18 February 2015
DNA Testing and the Family Courts
All Family Court Judges in England will be able to order DNA testing to determine a child’s paternity from September 2015.
Hopefully this will result in reduced delays and Court costs in family and child law cases.
The move follows two pilot schemes which took place in Taunton and Bristol. Findings from the pilots suggested that this move will mean that judges are more confident when making decisions about arrangements for children.
It is possible to ask for a DNA test when a parent applies to the Child Maintenance Service for maintenance for their child and parentage is disputed.
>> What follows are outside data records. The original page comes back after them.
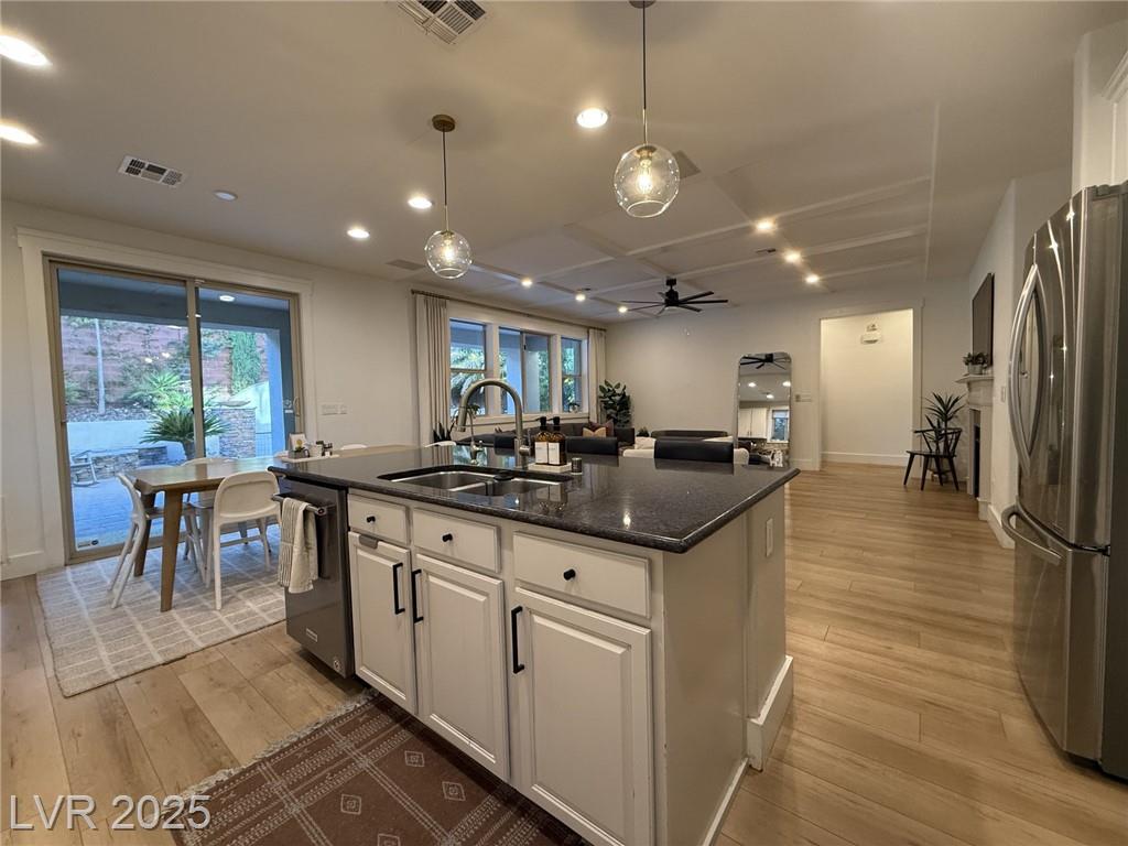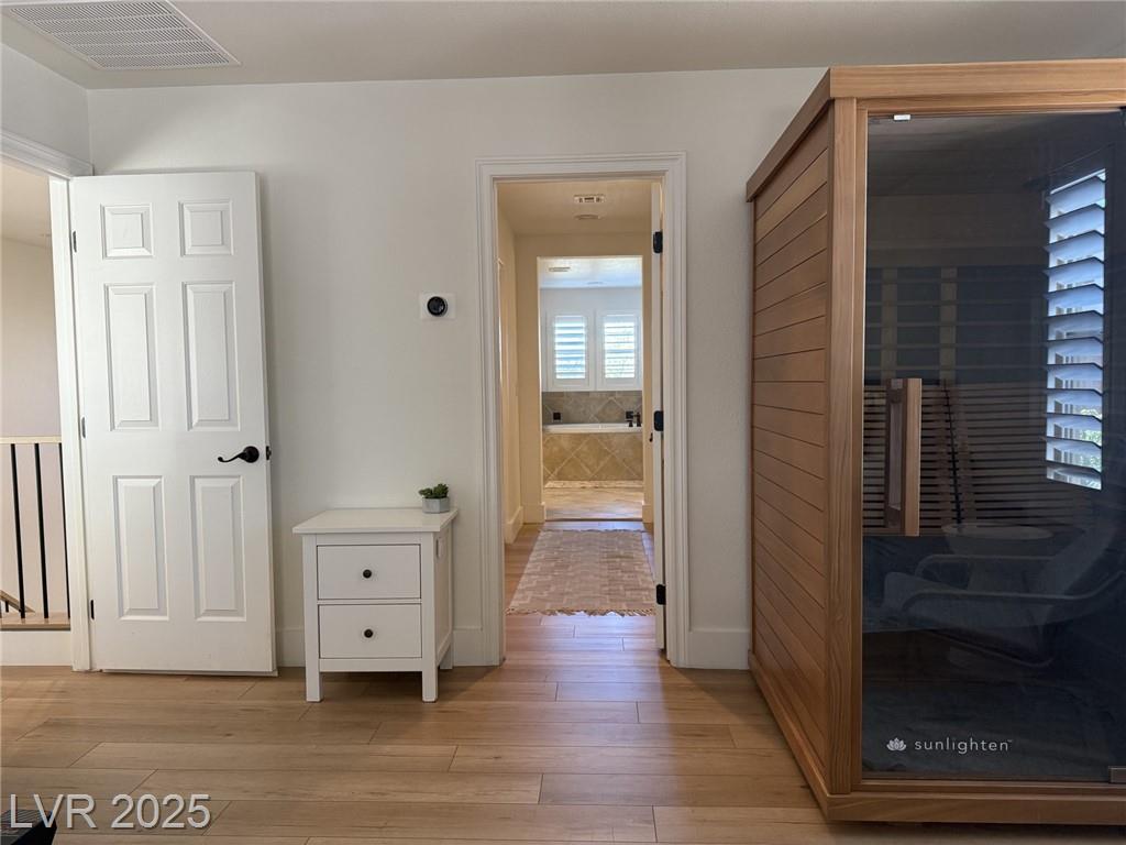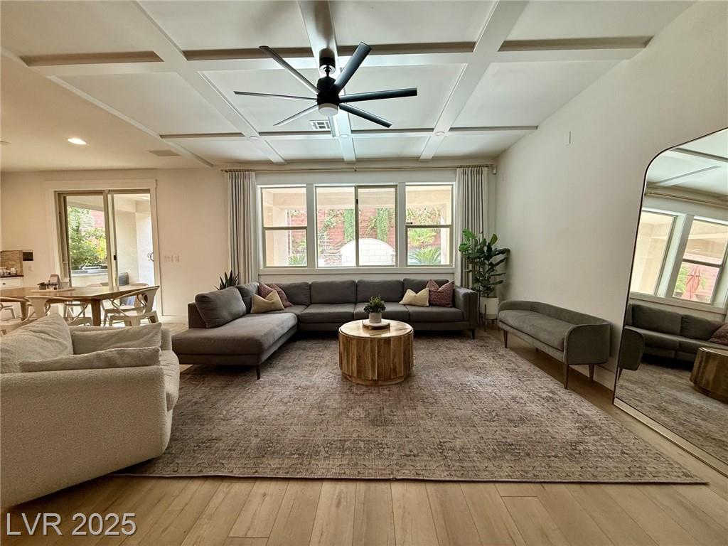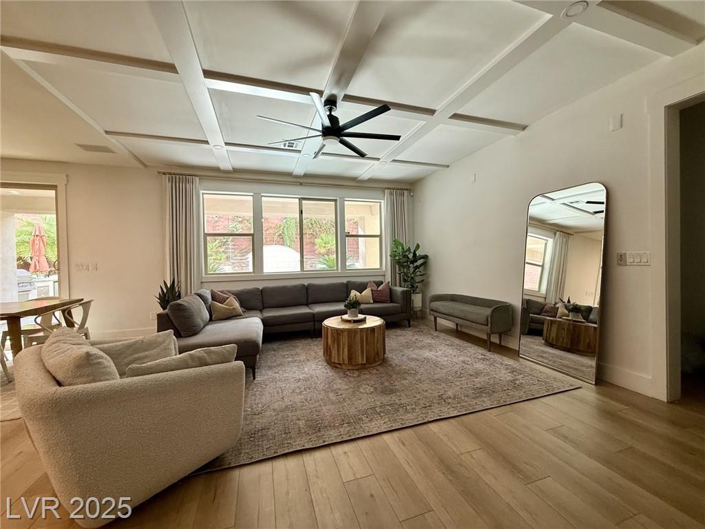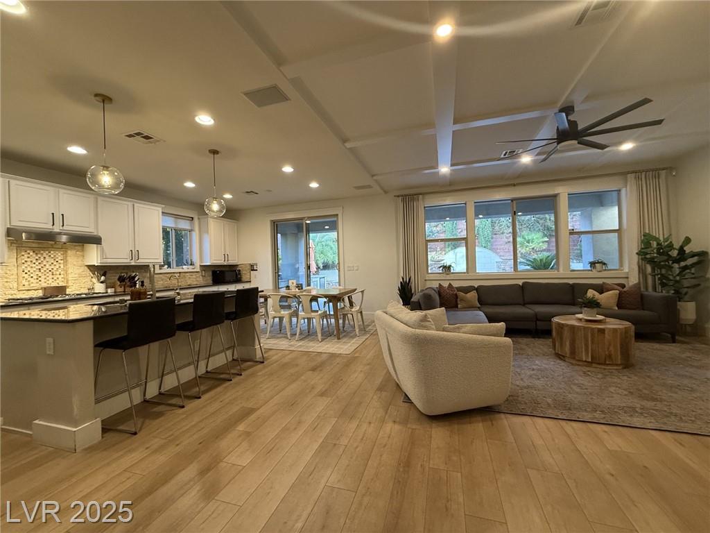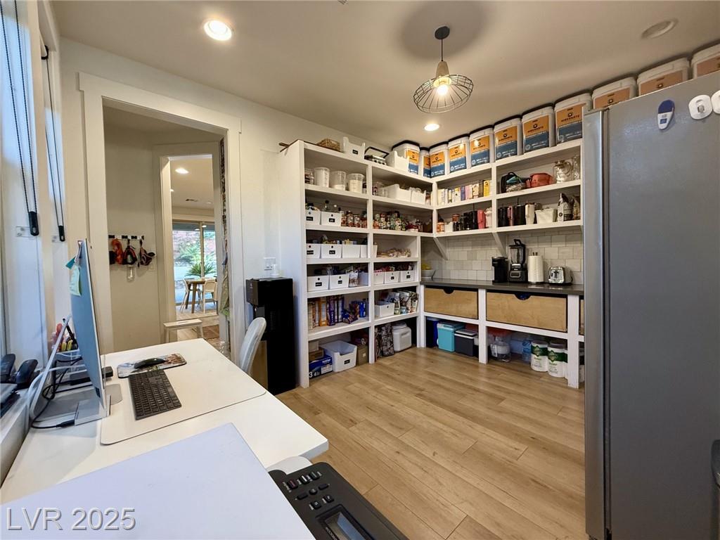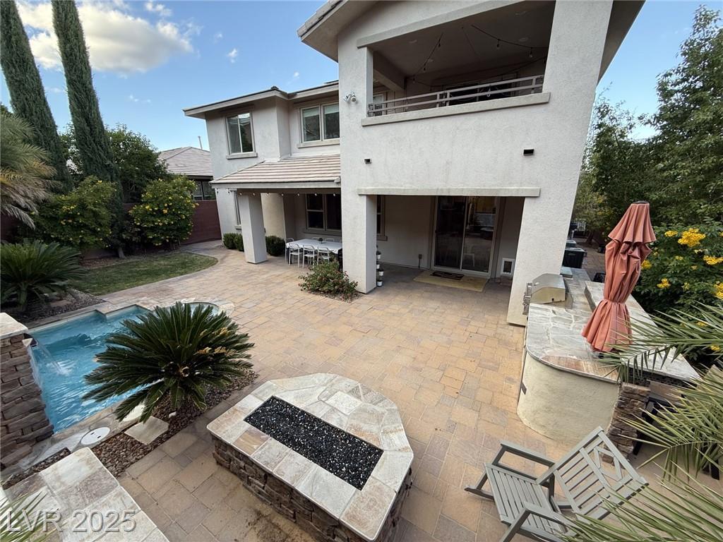 Discover this stunning 3,365 sq ft home in Summerlin South, nestled in the desirable 89135 zip code—a true masterpiece in craftsmanship with beautiful curb appeal. Elegant custom woodwork enhances doorways, walkways, and windows throughout, including a coffered ceiling downstairs and custom window coverings. The kitchen boasts a one-of-a-kind custom pantry, unmatched in the neighborhood for its innovative design and ample storage. Upstairs, unwind in the theater-style loft, perfect for movie nights or a cozy retreat. Relax by the fireplace indoors, or step outside to an exquisite backyard oasis with lush landscaping, a sparkling pool, and serene patio—your private paradise. Ideal for entertaining or relaxation, this gem offers luxury living at its finest!
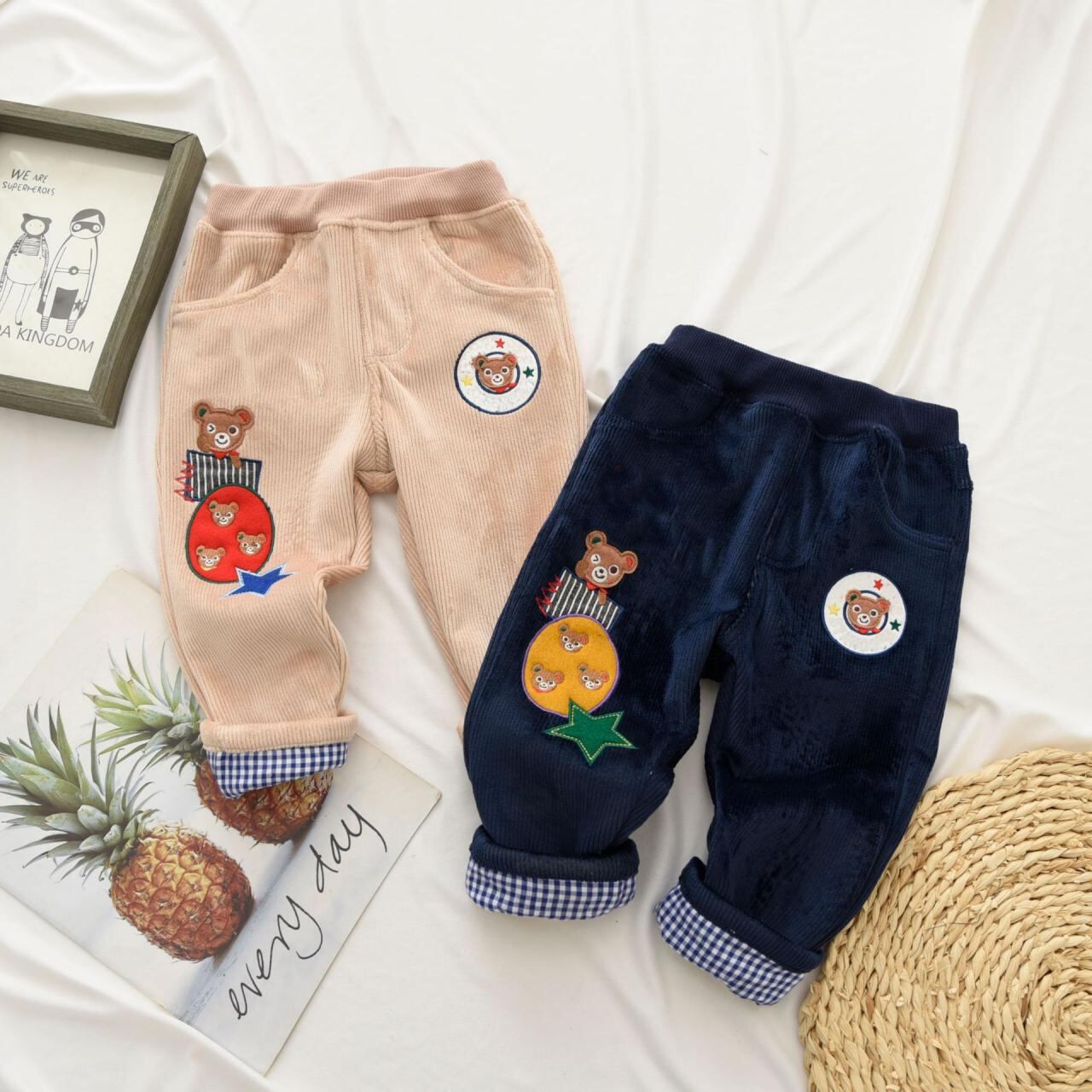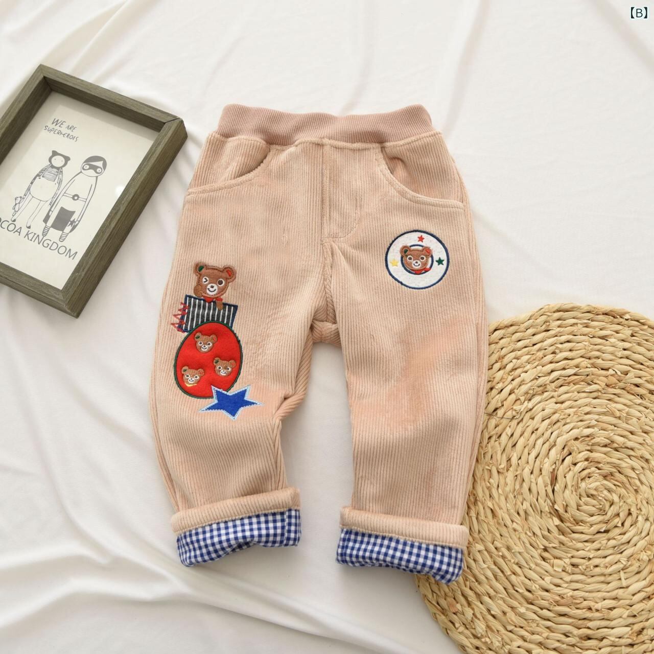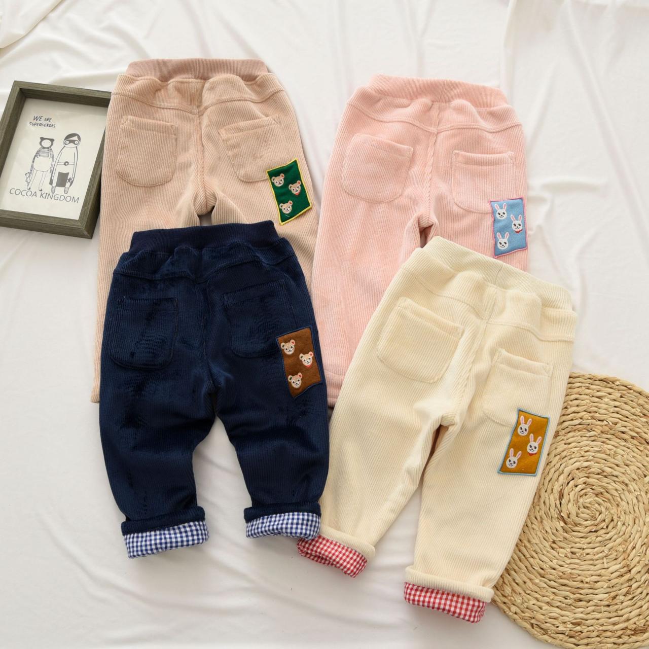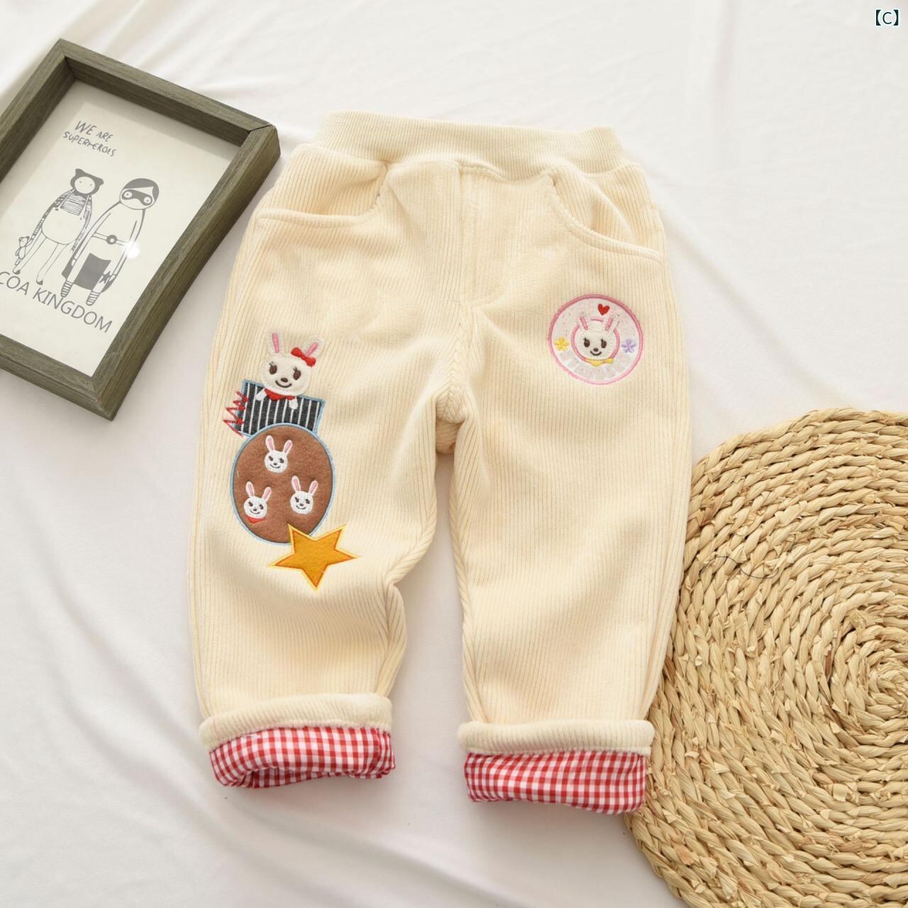 子供服 パンツ 冬用 ズボン 小熊 ウサギ 刺繍 伸縮性 防寒 普段使い かわいい 90 100 110 120 130 ピンク ベージュ ネイビー
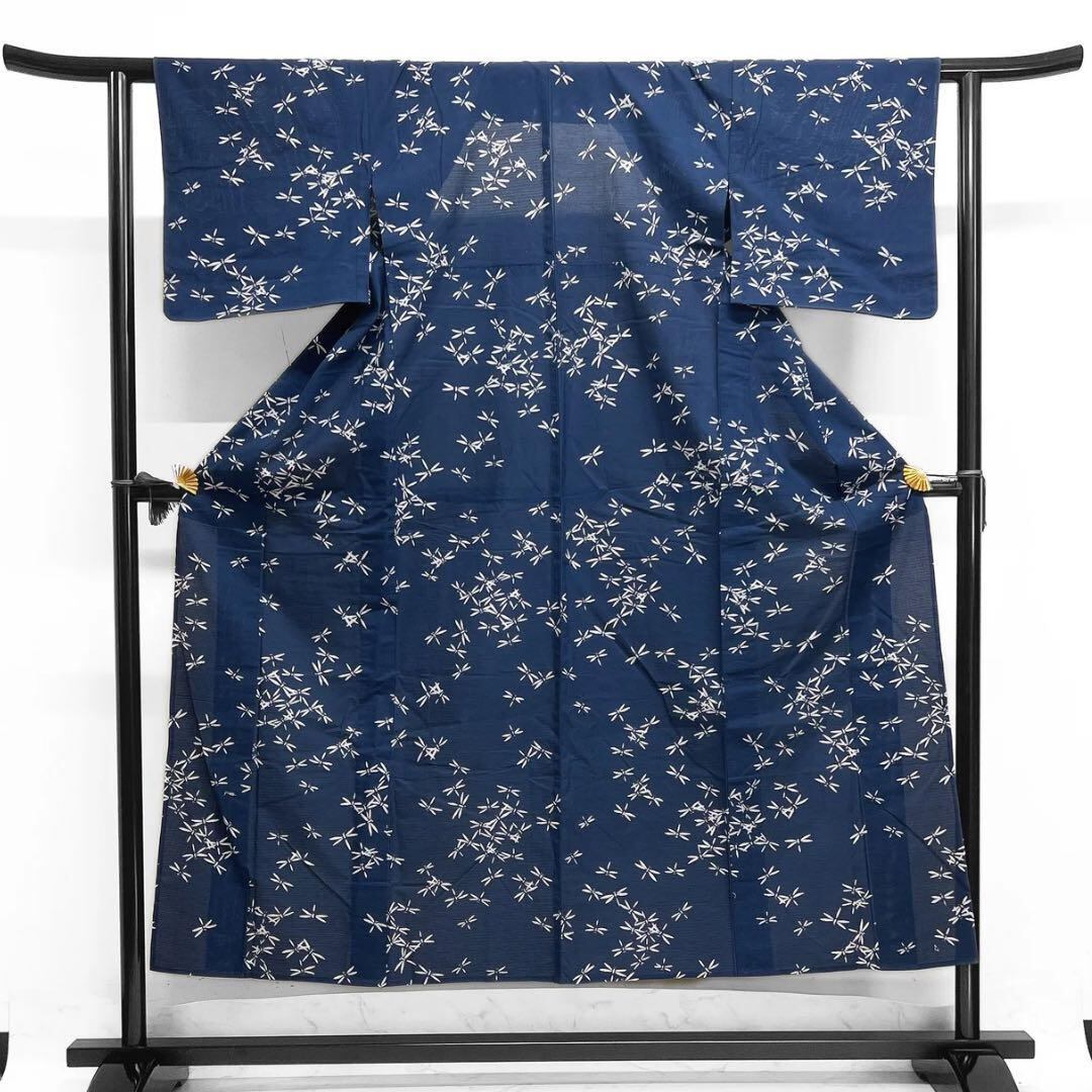 涼しげな綿絽のネイビーの地に映えるトンボの文様が描かれたお洒落なデザインの一着です。
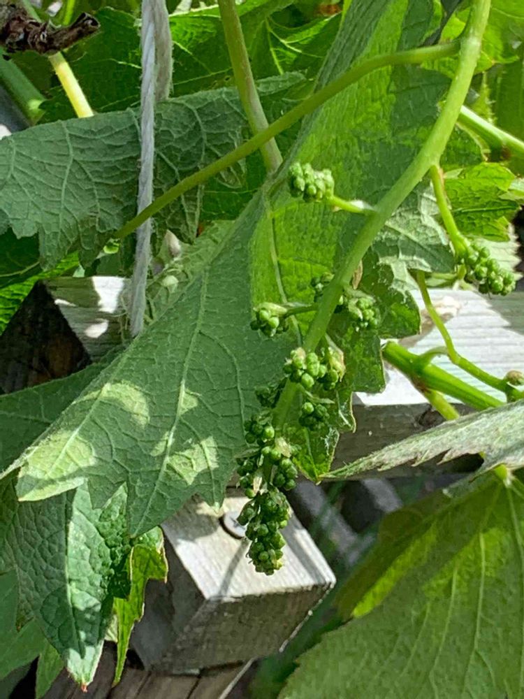 収穫まであと何ヶ月かな?のブドウ(笑)貰った木で、今年初めて実をつけるので成ってみるまで何の種類なのかわからない(笑)

However, the Child Maintenance Service is entitled to assume parentage if the person named as the parent was married to the child’s mother at any time between the conception and birth of the child (unless the child was adopted), is named on the child’s birth certificate (unless the child was adopted), has taken a DNA test that shows they’re the parent, has legally adopted the child or is named in a Court order as the parent when the child was born to a surrogate mother.
The change to the way in which DNA tests are dealt with will come almost 18 months after changes were implemented which saw the Family Courts making Child Arrangement Orders for children rather than Residence Orders and Contact Orders.
Essentially, a Child Arrangement Order is a Court Order which dictates with whom a child is to live and spend time. It is important to obtain legal advice from a specialist Family Solicitor before making an application for a Child Arrangement Order and also to consider alternatives to Court.